Their entire relationship—if he could even call it that—was built on chaos. It had always been this volatile, electric thing, too intense to be controlled, too unstable to settle into something normal.

And yet, Charles kept trying to mold it into something that made sense. Something he could understand.

He wanted to be the only person Max talked to. He wanted Max to seek him out, to trust him, to stop shutting him out like some stranger. He wanted Max to need him in a way that was dangerous to admit.

But every time he got close, Max would pull away. Or maybe Charles did. He wasn't even sure anymore.

All he knew was that they had spent the last week like strangers, not texting, not seeing each other outside of the few required obligations for Formula 1. And sure, most of that was because of their schedules—media, training, team duties.

But Charles knew it wasn't just that.

He felt it in the silences. In the way Max had deliberately avoided being near him when they could have talked. In how he had gone out of his way to make sure there was always someone else between them in meetings or PR events.

Max was ignoring him again. And Charles hated it. It made him angry, yes—but mostly, it made him tired.

Because what was he supposed to do? He couldn't force Max to talk to him. Couldn't demand answers when he didn't even know what questions to ask anymore.

Max was doing better than before, at least. Charles had to believe that. It was the only thing keeping him from cracking.

Because if he let himself think about it too much—if he let his mind drift back to those nights where he had found Max completely out of it, bruised and bloody, drowning himself in alcohol and drugs just to escape—he would lose it.

He didn't want to save Max from being hurt anymore.

Not because he didn't care—he cared too much, that was the problem—but because he wasn't sure if he could.

And he was tired of trying. He didn't want to be the one who had to pick Max up off the ground every time he shattered.

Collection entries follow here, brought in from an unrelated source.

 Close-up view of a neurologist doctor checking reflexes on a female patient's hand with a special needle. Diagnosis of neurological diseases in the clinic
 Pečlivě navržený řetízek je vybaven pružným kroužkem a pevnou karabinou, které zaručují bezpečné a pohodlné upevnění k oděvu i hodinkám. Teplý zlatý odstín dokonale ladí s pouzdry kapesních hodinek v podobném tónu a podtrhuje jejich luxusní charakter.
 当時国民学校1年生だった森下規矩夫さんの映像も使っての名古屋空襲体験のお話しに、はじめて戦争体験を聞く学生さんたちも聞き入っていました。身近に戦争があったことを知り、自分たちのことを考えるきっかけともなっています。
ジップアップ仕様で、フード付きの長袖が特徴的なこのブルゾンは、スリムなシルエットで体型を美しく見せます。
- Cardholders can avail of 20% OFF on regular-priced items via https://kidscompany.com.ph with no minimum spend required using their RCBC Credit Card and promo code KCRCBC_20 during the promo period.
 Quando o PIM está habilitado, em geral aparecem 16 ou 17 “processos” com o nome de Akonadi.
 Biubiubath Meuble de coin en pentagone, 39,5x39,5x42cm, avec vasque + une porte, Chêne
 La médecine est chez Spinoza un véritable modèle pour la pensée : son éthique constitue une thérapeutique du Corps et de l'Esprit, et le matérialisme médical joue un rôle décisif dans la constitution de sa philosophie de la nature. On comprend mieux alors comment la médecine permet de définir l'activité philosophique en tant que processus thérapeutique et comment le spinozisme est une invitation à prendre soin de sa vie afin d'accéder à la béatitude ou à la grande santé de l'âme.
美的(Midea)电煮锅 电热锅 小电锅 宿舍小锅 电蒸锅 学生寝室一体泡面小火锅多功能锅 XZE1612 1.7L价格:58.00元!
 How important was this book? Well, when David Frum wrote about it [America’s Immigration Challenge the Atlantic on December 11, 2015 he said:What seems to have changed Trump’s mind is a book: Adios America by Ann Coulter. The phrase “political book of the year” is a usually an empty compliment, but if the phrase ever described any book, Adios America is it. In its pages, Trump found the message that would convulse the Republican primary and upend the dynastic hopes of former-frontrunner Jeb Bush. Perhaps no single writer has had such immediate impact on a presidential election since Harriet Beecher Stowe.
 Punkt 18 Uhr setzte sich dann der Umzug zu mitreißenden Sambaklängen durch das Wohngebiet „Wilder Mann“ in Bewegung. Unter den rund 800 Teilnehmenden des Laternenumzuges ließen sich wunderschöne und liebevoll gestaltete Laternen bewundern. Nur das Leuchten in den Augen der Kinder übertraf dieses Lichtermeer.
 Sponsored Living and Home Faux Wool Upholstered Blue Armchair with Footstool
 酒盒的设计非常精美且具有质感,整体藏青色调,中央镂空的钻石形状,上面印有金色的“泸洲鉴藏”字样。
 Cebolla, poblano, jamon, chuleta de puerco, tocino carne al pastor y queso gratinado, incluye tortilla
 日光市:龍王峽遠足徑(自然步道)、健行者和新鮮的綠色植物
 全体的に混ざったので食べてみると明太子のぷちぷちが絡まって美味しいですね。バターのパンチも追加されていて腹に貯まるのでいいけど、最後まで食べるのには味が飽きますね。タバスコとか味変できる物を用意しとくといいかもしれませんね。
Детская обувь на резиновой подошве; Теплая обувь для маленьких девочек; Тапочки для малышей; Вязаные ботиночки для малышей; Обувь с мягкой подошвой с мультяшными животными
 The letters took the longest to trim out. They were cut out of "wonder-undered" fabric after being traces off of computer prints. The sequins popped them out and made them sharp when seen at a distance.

He didn't want to find him passed out in alleyways or shaking in hospital beds or crying in his sleep on Charles' couch, whispering things he would never say when awake.

Charles clenched his jaw, fingers tightening around the soft fabric in his lap.

The peace of a T-shirt. Max's. The one he had given him that night, after Charles had lost it.

When Max had almost died in Qatar, when Charles had relapsed.

His fingers brushed absently over the fabric, tracing the worn edges.

It wasn't something they talked about—just another thing on the long list of unspoken between them—but still, Max had noticed. And Charles had hated that, but also... he hadn't.